I plan to rewrite an application to make use of Cuda cores on a Jetson Nano. I previously rewrote much of it with a pipelining design (mostly turning per-element references into equivalent matrix operations) to run under OpenCL, but recently discovered that the Nano GPU capabilities can only be accessed via Cuda. Since the use of streams and cores is new to me, I’d like a sanity check on how I could make use of streams. At a top level, I’m counting on parallelism to be applied automatically within matrices when I use the OpenCV matrix and image processing functions, but I’m also interested in parallel execution of different kernels for which I would assign a stream each to complete some pipeline of processing, described at a high level below. I don’t quite follow how cores would be divvied up in such a scenario.
- Stream 0
- Transfer source image
- (pipeline forks to Stream 1 and Stream 2 below)
- Stream 1 (after Stream 0 done)
- Foveal image generation (simply a window from source)
- Foveal optic flow estimation
- Foveal edge detection
- (pipeline forks to Streams 3 … n below)
- Stream 2 ((after Stream 0 done)
- Peripheral vision image generation (simply an image resize to smaller)
- Peripheral vision optic flow estimation
- (no edge detection)
- (pipeline forks to Streams n+1 … m below)
- Stream 3 … n (after Stream 1 done, but all async wrt one another, but reading/writing to some shared data)
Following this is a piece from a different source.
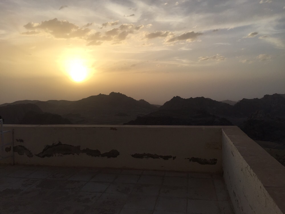 今晚住在佩特拉古城山顶全景酒店,可以俯瞰岩石山峰,进了酒店后就开始感觉心慌慌的。。这些天一直都有这种感觉,只是到了今天最为严重。在自然条件如此恶劣的地方,人们只能顽强地活着,看着让人心痛。再加上时不时战乱,常会遇到叙利亚难民儿童紧随游客强买强卖。没办法,人穷志短,能帮就尽量帮助他们,尽量对他们好一些。今天在一个咖啡馆遇见一个会说几句汉语的叙利亚男孩服务生,相对来说教养较好,一直跟我边学汉语边聊天,并让我给他听首汉语歌。当时我正在听《偶然》,就与他一块儿听,他用本子记下这个词,我告诉他“偶然”用英语解释是“by chance”的意思,他随口说“it's romantic”。我觉得他是个聪明走心的孩子,不象其他叙利亚小孩儿那种一副小混混的样子。。相比之下,我们平常的资源太过剩,应该尽量节俭,对自然保持敬畏,降低需要,时时保有奉献之心,这无关道德,不过是一种本能。。明天开始耶路撒冷,又会在灵魂深处受到刺激,忽然脆弱到开始想家。

- TBD # of foveal color patch discovery and updates
- Return of foveal color patch and edge list
- Stream n+1 … m (after Stream 2 done, all async wrt one another, but reading/writing to some shared data)
- TBD # of peripheral vision color patch discovery and updates
- Return of peripheral vison color patch and edge list
Does this approach make any sense, or am I way off base here on how to use streams? Will each stream get assigned to a separate core? I’m expecting multiple streams to make use of the same set of functions in parallel, but applying them to different parts of a source image. Is that OK? I expected that I’ll probably assign more than 128 streams for the latter two stream sets described above, which exceeds the Nano’s capability, but probably not by much.
Hi, i would say you are off base possibley because you may be trying to apply OpenCL concepts to CUDA but as I am not familiar with OpenCL I can’t be sure. A CUDA stream is simply a que of work for execution on the GPU. In “general” with OpenCV you would execute kernels on the GPU which work on entire images and you “would/could” use multiple streams to que work for several images at once where the GPU would decide which kernel to apply to which image in an optimum way.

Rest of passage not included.